§ What you need to do: Each line of the listing, apart from the pictures, is to be printed exactly.

§ Data for the task:
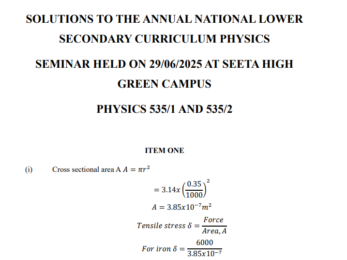 SOLUTIONS OF UCE PHYSICS SEMINAR HELD AT SEETA HIGH GREEN CAMPUS
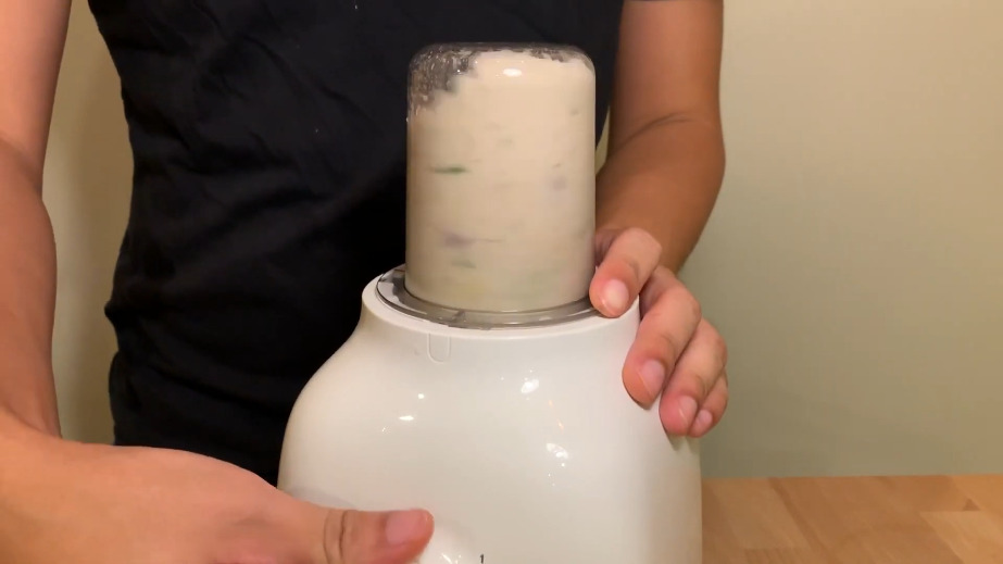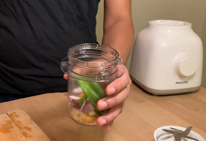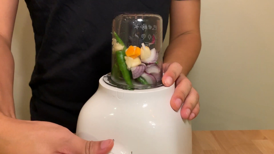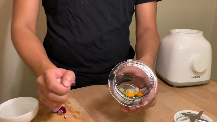 Put everything you worked on - except the turmeric leaf, as well as some of the shallots and garlic - into the blender, add a little water, and blend it till you get a slightly watery consistency.
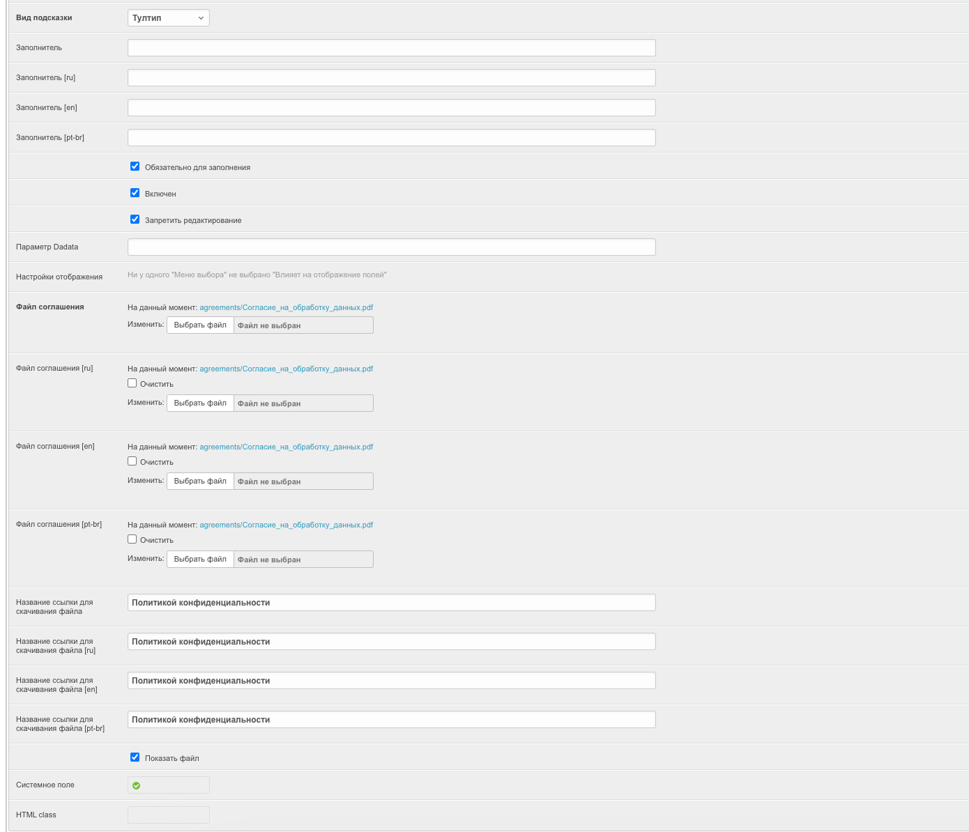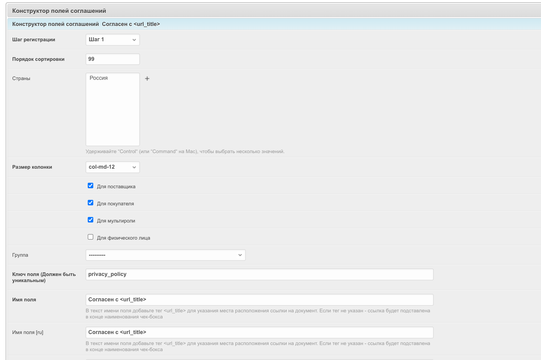 В Системе заведены поля с политикой конфиденциальности, условия пользовательского соглашения, условия обработки персональных данных. Дополнительно можно добавить еще один Конструктор полей соглашений.
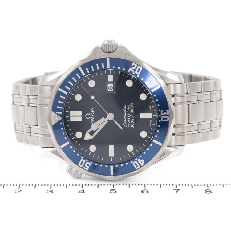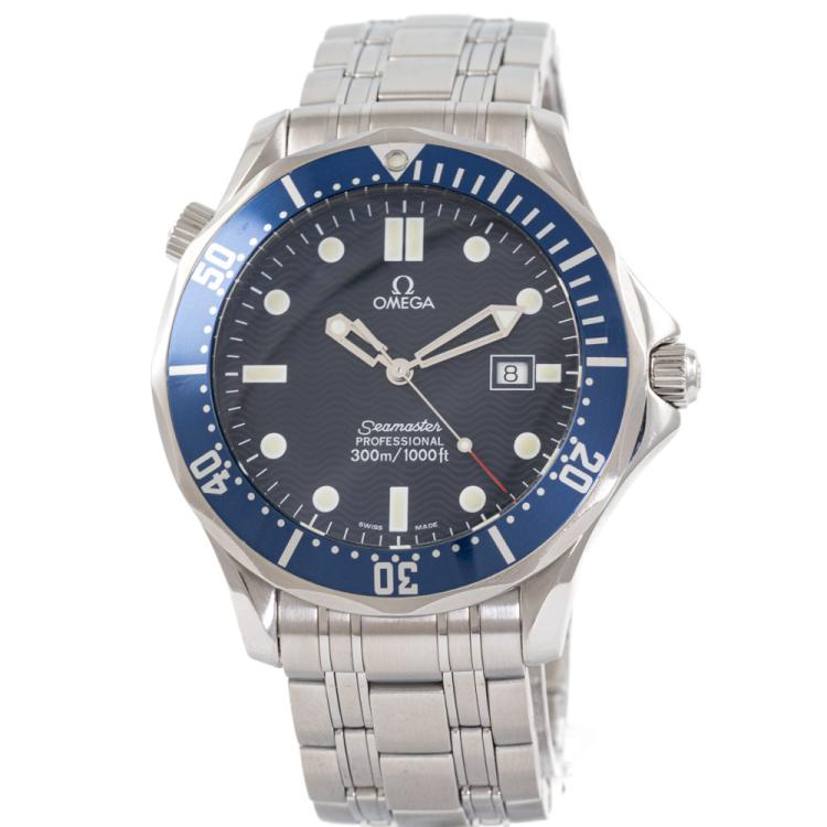 Omega Seamaster stainless steel quartz mens watch. Blue dial, date, case diameter: 41mm, wrist size: 19cm, Swiss made. Ref# 2541.80.00. With Omega stainless steel bracelet and clasp. With Omega stainless steel bracelet and clasp. With Omega stainless steel bracelet and clasp. With certificate of authenticity and Omega case. 3 month FSA warranty. (Pre-owned)
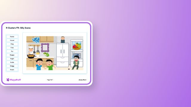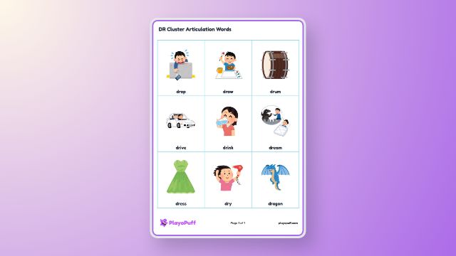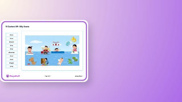 Supports speech sound articulation skills by encouraging children to describe silly scenes using DR cluster words.
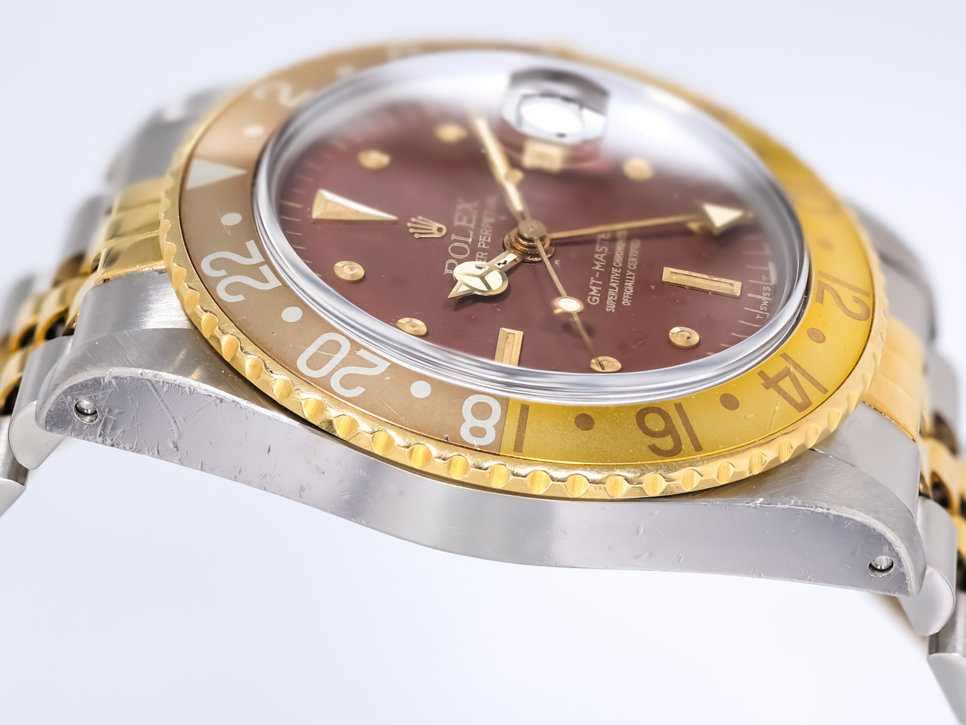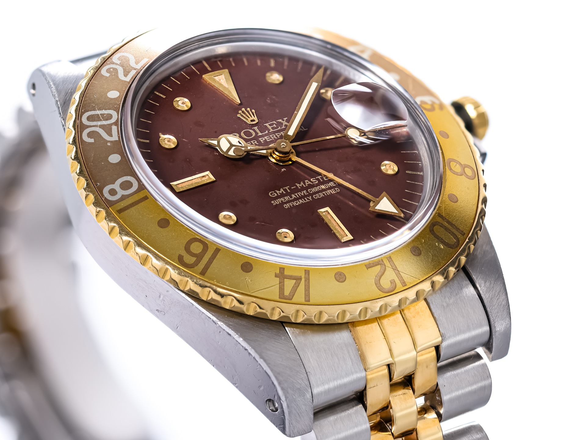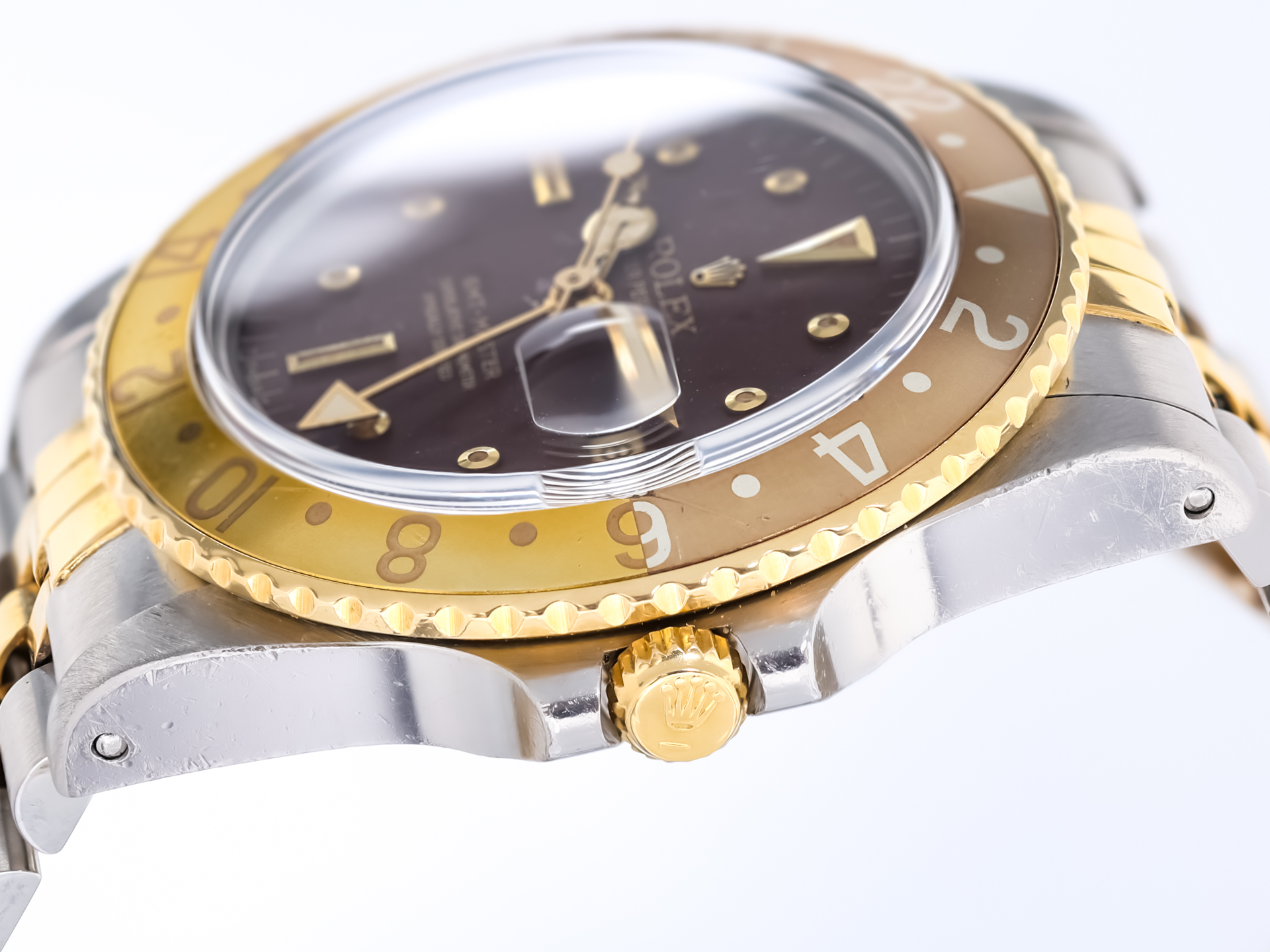 ROLEX Vintage GMT-MASTER Ref 16753 18k Yellow Gold Stainless Steel Jubilee Bracelet Tigereye Nipple Tritium Dial Box Papers Bj-1985 Just Serviced

§ The completed task:
 SOLUTIONS OF UCE PHYSICS SEMINAR HELD AT SEETA HIGH GREEN CAMPUS
 Put everything you worked on - except the turmeric leaf, as well as some of the shallots and garlic - into the blender, add a little water, and blend it till you get a slightly watery consistency.
 В Системе заведены поля с политикой конфиденциальности, условия пользовательского соглашения, условия обработки персональных данных. Дополнительно можно добавить еще один Конструктор полей соглашений.
 Omega Seamaster stainless steel quartz mens watch. Blue dial, date, case diameter: 41mm, wrist size: 19cm, Swiss made. Ref# 2541.80.00. With Omega stainless steel bracelet and clasp. With Omega stainless steel bracelet and clasp. With Omega stainless steel bracelet and clasp. With certificate of authenticity and Omega case. 3 month FSA warranty. (Pre-owned)
 Supports speech sound articulation skills by encouraging children to describe silly scenes using DR cluster words.
 ROLEX Vintage GMT-MASTER Ref 16753 18k Yellow Gold Stainless Steel Jubilee Bracelet Tigereye Nipple Tritium Dial Box Papers Bj-1985 Just Serviced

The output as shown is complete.